Over the summer Transport for New Homes presented ‘Upside-down Geography‘ at events in London, Birmingham and Bristol. The geography of planning has become upside-down because of a failure of national strategy. Locations for new housing are not considered in terms of sustainable transport, access to services, employment or environmental impact. Instead, achieving local authority housing targets has led to a dispersed pattern of development that is very difficult to serve by public transport or other sustainable modes of travel.

In an ‘upside down geography’ world, we build new homes according to algorithms that place very high housing in rural places, where the car ends up the only way of getting about, and where employment, education and other services are in short supply. The ‘cowpat’ developments then results, built around new roads and car-based living, an english interpretation of US-style car-based sprawl. A different more modern approach is needed, much less orientated around the car.
On this theme, Transport for New Homes ran two workshops at the Transport Action Network conference in Birmingham. This was primarily a conference for campaigners against road schemes but we showed another aspect of major road construction, which is that it lays the foundation for greenfield development, opening up land for hundred of thousands of new homes in car-dependent estates. The problem is so widespread that the 2021 census now shows that our urban areas are losing population to rural and mainly rural areas, in the south west, south east, midlands and eastern part of the country.
A better model: transit-oriented development

It seems that we have missed out in England on choosing sites for new development integrated with mass transit systems, either existing or extended, and development of small and large brownfield sites. As part of a ‘zero carbon’ solution we seem to favour development off new roads instead, but a different model is possible.

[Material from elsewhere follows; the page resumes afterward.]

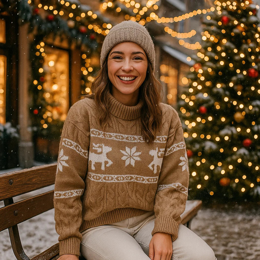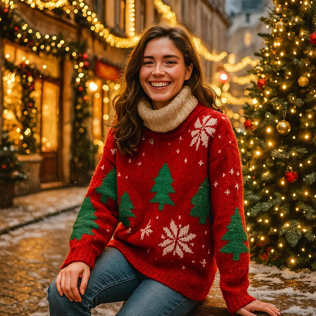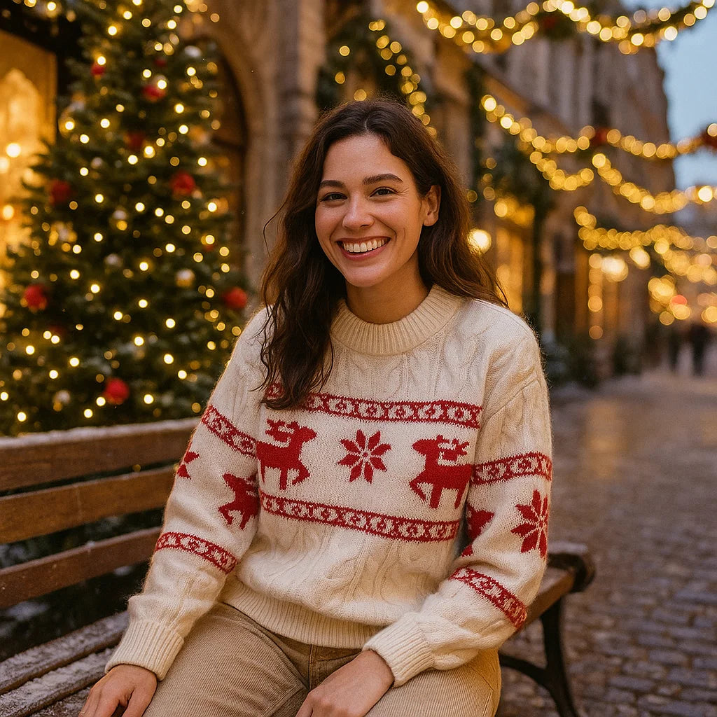 Cassandra – Świąteczny Sweter z Okrągłym Dekoltem

A better way of building is along new or improved public transport corridors. One way of achieving this is with land value capture. We were delighted to have George Hazel speak at our Manchester event on the success of the Northumbria Line. This approach appears popular with land owners and developers. Land and property within 1km of the construction of a new metro, light rail or heavy rail station increases in value and developers are keen to build once they know that new infrastructure and services are coming soon. Six stations are proposed on the line, and Northumberland Park passengers will be able to change onto the Tyne and Wear Metro.
Twenty minute neighbourhoods
One much discussed topic recently is the idea of “20 minute neighbourhoods”, the idea that people will be able to access all the services and goods they need within a 15 or 20 minute journey on foot or bike. This is very laudable in principle, but as TfNH has been pointing out is far from the reality in many of the places it has visited. In some cases councils and developers are measuring the 20 minutes by straight lines (as the crow flies) rather than by real roads and footpaths, and there isn’t much of a check on the quality of those walking and cycling routes, or indeed access to public transport. TfNH adviser Stephen Joseph gave a presentation to Leeds City Council, in which he set out the origins of 15-20 minute neighbourhoods and some of the issues to consider.
Planning is (still) all up in the air
Our planning system has been in a state of uncertainty, reflecting the recent political turmoil nationally. Local Authority planners have been similarly unsure about how to proceed. We have heard of delays in local plan work over housing requirements and uncertainty of national policy. Some reports say that Local Plan making has ground to a halt. Some campaigners might have been happy to hear Boris Johnson speak out against greenfield development but this idea did not find itself translated to planning policy or legislation. There seems however to be little or no talk about the important contribution made by transport and the way that our continuing emphasis on road building to open up land is not helping matters.
Liz Truss campaigned on the notion of abolishing ‘stalinist top-down housing targets’ in the run up to the election of a new Prime Minister. The planning press then reported that Whitehall-led housing needs figures will be dropped under the new Truss administration. However the 300,000 homes per year national target appears to remain. In late November 2022 roughly 50 Conservative MPs rebelled against housing targets on the basis these are so high in many rural and semi rural places that they force large swathes of the countryside to be covered in car-dependent sprawl.
However at Transport for New Homes we have noted that there is little talk about building in a different way, for example around mass transit systems, sustainable modes and so on, although the concept at least, of building on brownfield sites is popular. The Department of Levelling Up Homes and Communities (DLUHC) needs we think, to integrate sustainable transport provision much more into the NPPF (National Planning Policy Framework) than is currently the case. Where and how we build is key.